A         Probably at the scene from a -- from maybe a half hour I’m guessing.


Q         And how did your involvement in this situation conclude that day?


A         I got a statement from [appellant] about what happened and, I believe that was the conclusion of it.  I just got her statement and --


Q         At some point was anybody taken into custody?


A          Yes, we did arrest [appellant] after conferring with [two other officers] she was arrested for second degree assault.


(Emphasis added.)  Appellant’s counsel objected, and the district court then gave a curative instruction. 

Considering the form and content of the prosecutor’s question, there is no basis for inferring that the prosecutor intended to elicit testimony about the crime for which the police arrested appellant.  Furthermore, there is no reason the prosecutor might have anticipated the officer’s nonresponsive answer and his volunteered information about the reason for the arrest.  See State v. Hagen, 361 N.W.2d 407, 413 (Minn. App. 1985) (generally, unintended responses under unplanned circumstances do not require a new trial), review denied (Minn. Apr. 18, 1985).  Cf. State v. Henderson, 620 N.W.2d 688, 702 (Minn. 2001) (improper for prosecutor to ask questions calculated to elicit or insinuate an inadmissible and highly prejudicial answer); State v. Smallwood, 594 N.W.2d 144, 150 (Minn. 1999) (generally, it is misconduct for a prosecutor to knowingly offer inadmissible evidence for the purpose of bringing it to the jury’s attention) (emphasis added); State v. Huffstutler, 269 Minn. 153, 155-56, 130 N.W.2d 347, 348-49 (1964) (new trial warranted when reply to prosecution’s direct examination question slandered and disparaged a witness and reflected on character of defendant).  The prosecutor did not engage in misconduct.

            Appellant relies on two cases in support of her argument.  However, these cases do not support her position.  In State v. Ebert, 346 N.W.2d 350 (Minn. 1984), a prosecution witness “blurted out” that one of the bullets found was in a box containing “Nazi paraphernalia.”  Id. at 351.  The court found that although the statement was improper because it was in violation of a court order, it was only a passing reference, and the jury could have concluded that the material belonged to someone other than the defendant.  Id.  Here, the statement was also a passing reference, and if the jury did consider the evidence despite the district court’s curative instruction, it is possible that the jury could have concluded that the assault charge was dropped for any number of reasons, including insufficient factual support.

            Appellant also cites to State v.
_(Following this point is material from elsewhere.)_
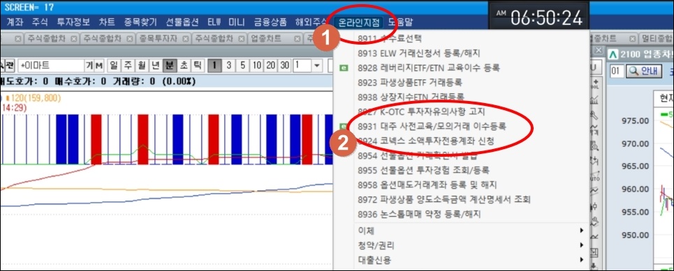 공매도 관련 교육과 모의투자를 받으면 관련 번호를 얻게 되는데요. 이걸 가지고 증권사 HTS를 통해 이수 등록을 할 수 있어요. HTS를 켠 후 메뉴에서 온라인 지점을 클릭해 보세요. 그럼 대주 사전교육 및 모의거래 이수등록 메뉴가 있을 거에요.

Gegen, 275 Minn. 568, 147 N.W.2d 925 (1967) in support of her argument.  In that case, the prosecution questioned the officer who arrested a drunken driver.  The officer related the conversation he had with the defendant.  After the officer stated that “that’s about the [gist] of the conversation,” the prosecutor asked whether the officer had “any other conversation on the way up to the police station, other than on that subject?”  The officer replied: “[H]e said that he had one prior and he wasn’t going to take this lying down.”  Id. at 568, 147 N.W.2d at 925.  In ordering a new trial, the court concluded that it was hard to believe “that the question was not asked deliberately and that the prosecutor did not know the answer he was going to get.”  Id. at 569, 147 N.W.2d at 926.  However, here there were no questions that reasonably would suggest an intent to elicit testimony about the initial charge.

            Thus, there was no prosecutorial misconduct during this trial, and the district court appropriately responded to the officer’s improper reference by promptly giving a curative instruction.  See State v. McDaniel, 534 N.W.2d 290, 293 (Minn. App. 1995) (stating a district court’s curative instruction can ameliorate the effect of an improper reference), review denied (Minn. Sept. 20, 1995).


*  Retired judge of the Minnesota Court of Appeals, serving by appointment pursuant to Minn. Const. art. VI, § 10.